• [Task to carry out]:
Begin at the line where "For Honor X7a" appears and reproduce exactly every line through the end of the data below, both included, skipping pictures.

━━━━━━

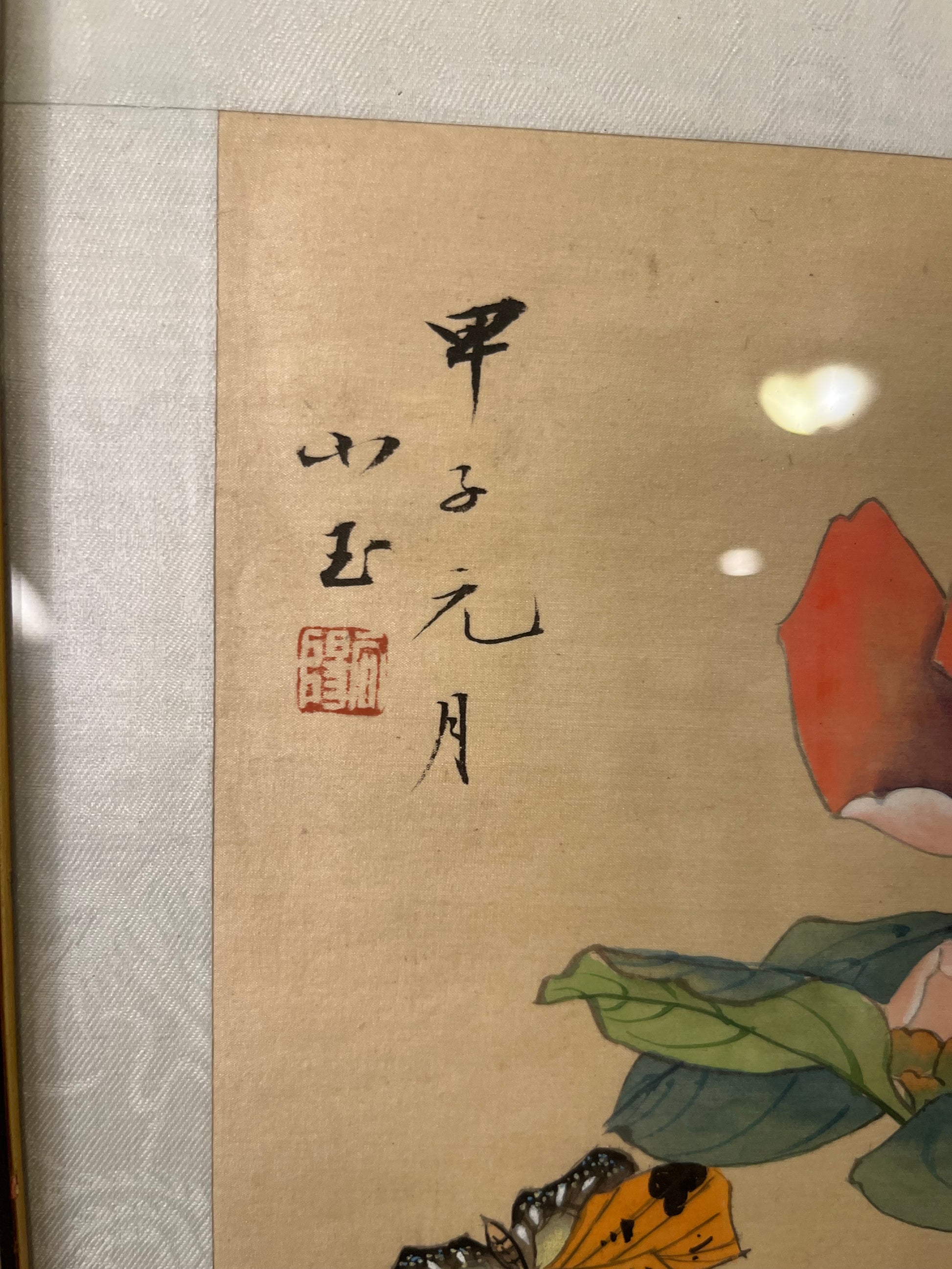 Asian Watercolor with Orange Flowers and Butterfly 2
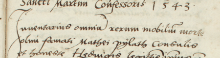 Z księgi ławniczej Kleparza obejmującej sprawy z lat 1543–1546: fragment wpisu z 1543 roku zawierającego inwentarz rzeczy po zmarłym Mateuszu Pilacie, rajcy w Kleparzu – oraz zbliżenie zapisu imienia i urzędu (Archiwum Narodowe w Krakowie, sygn. KL 3, s. 83)
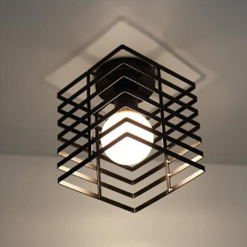 Vintage Led Ceiling Light Metal Cage Square Corridor Porch For
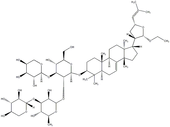 CCO[C@H]1O[C@@H](C=C(C)C)C[C@H]1[C@@H]1CC[C@]2(C)C3=CC[C@H]4C(C)(C)[C@@H](O[C@@H]5O[C@H](CO)[C@@H](O)[C@H](O[C@@H]6OC[C@H](O)[C@H](O)[C@H]6O)[C@H]5OC5O[C@@H](C)[C@H](O)[C@@H](O[C@@H]6OC[C@@H](O)[C@H](O)[C@H]6O)[C@H]5O)CC[C@]4(C)[C@H]3CC[C@@]12C |
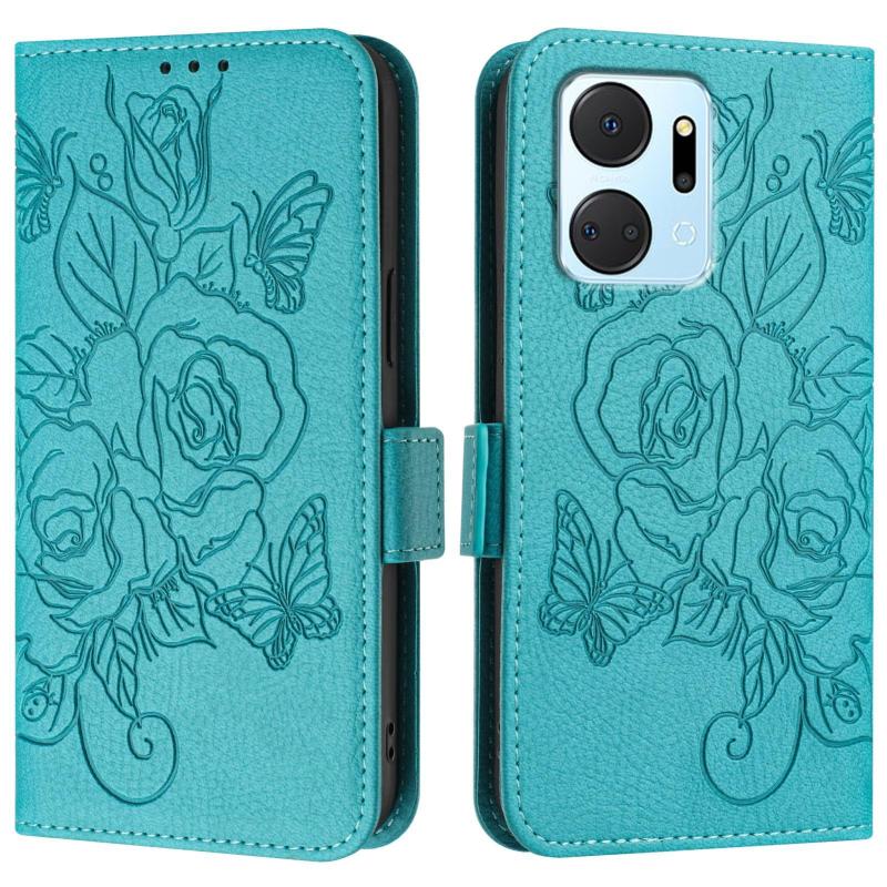 For Honor X7a 4G / Play 7T 5G Embossed Rose RFID Anti-theft Leather Phone Case(Light Blue)
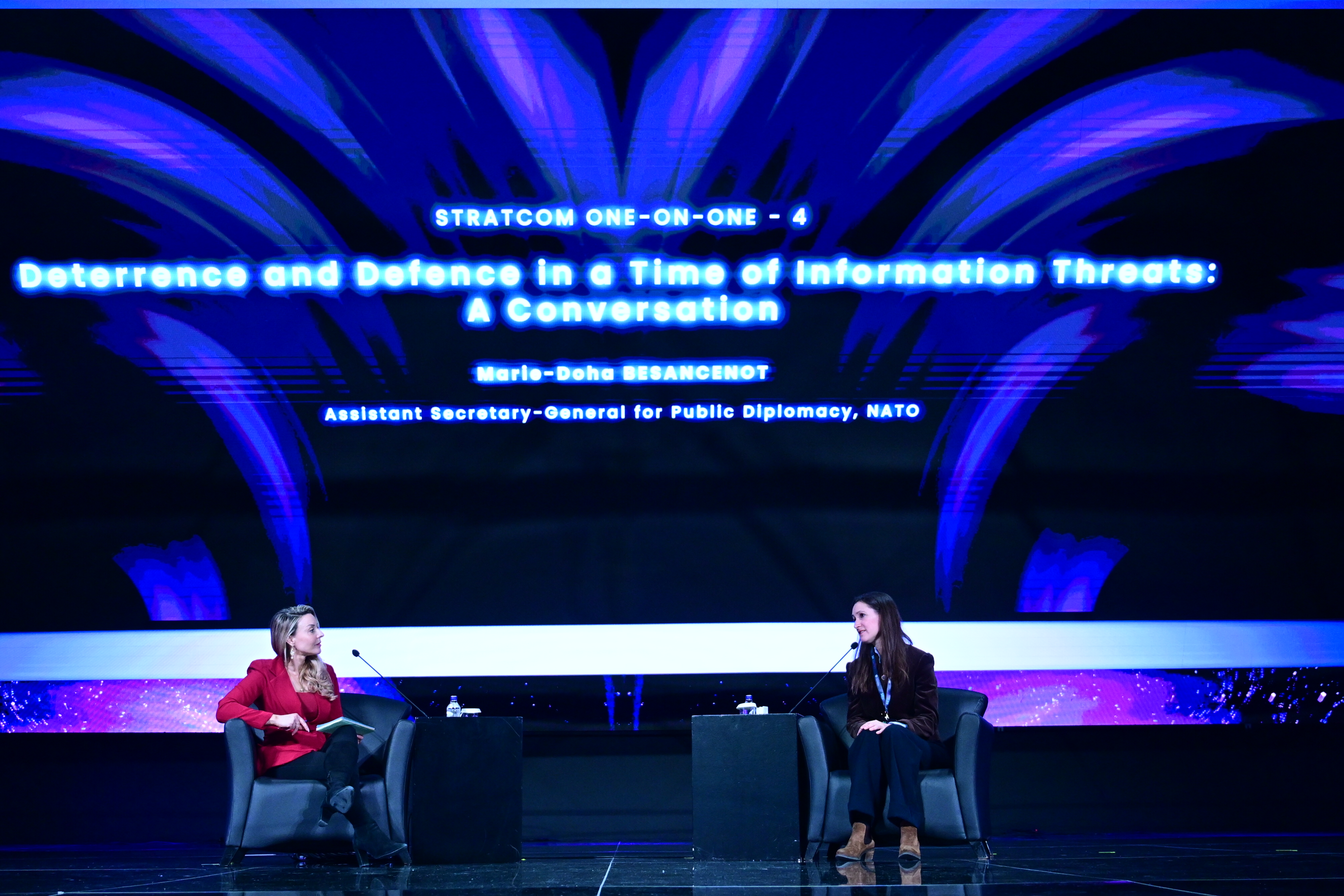 Program, video mesajların ardından BBC haber spikeri ve muhabiri Louisa Pilbeam moderatörlüğünde, NATO Kamu Diplomasisinden Sorumlu Genel Sekreter Yardımcısı Marie-Doha Besancenot ile "Bilgi Çağında Tehditlere Karşı Caydırıcılık ve Savunma: NATO ile Bir Söyleşi" başlıklı oturumla devam etti.

━━━━━━

• [Solution to the exercise]:
 For Honor X7a 4G / Play 7T 5G Embossed Rose RFID Anti-theft Leather Phone Case(Light Blue)
 Program, video mesajların ardından BBC haber spikeri ve muhabiri Louisa Pilbeam moderatörlüğünde, NATO Kamu Diplomasisinden Sorumlu Genel Sekreter Yardımcısı Marie-Doha Besancenot ile "Bilgi Çağında Tehditlere Karşı Caydırıcılık ve Savunma: NATO ile Bir Söyleşi" başlıklı oturumla devam etti.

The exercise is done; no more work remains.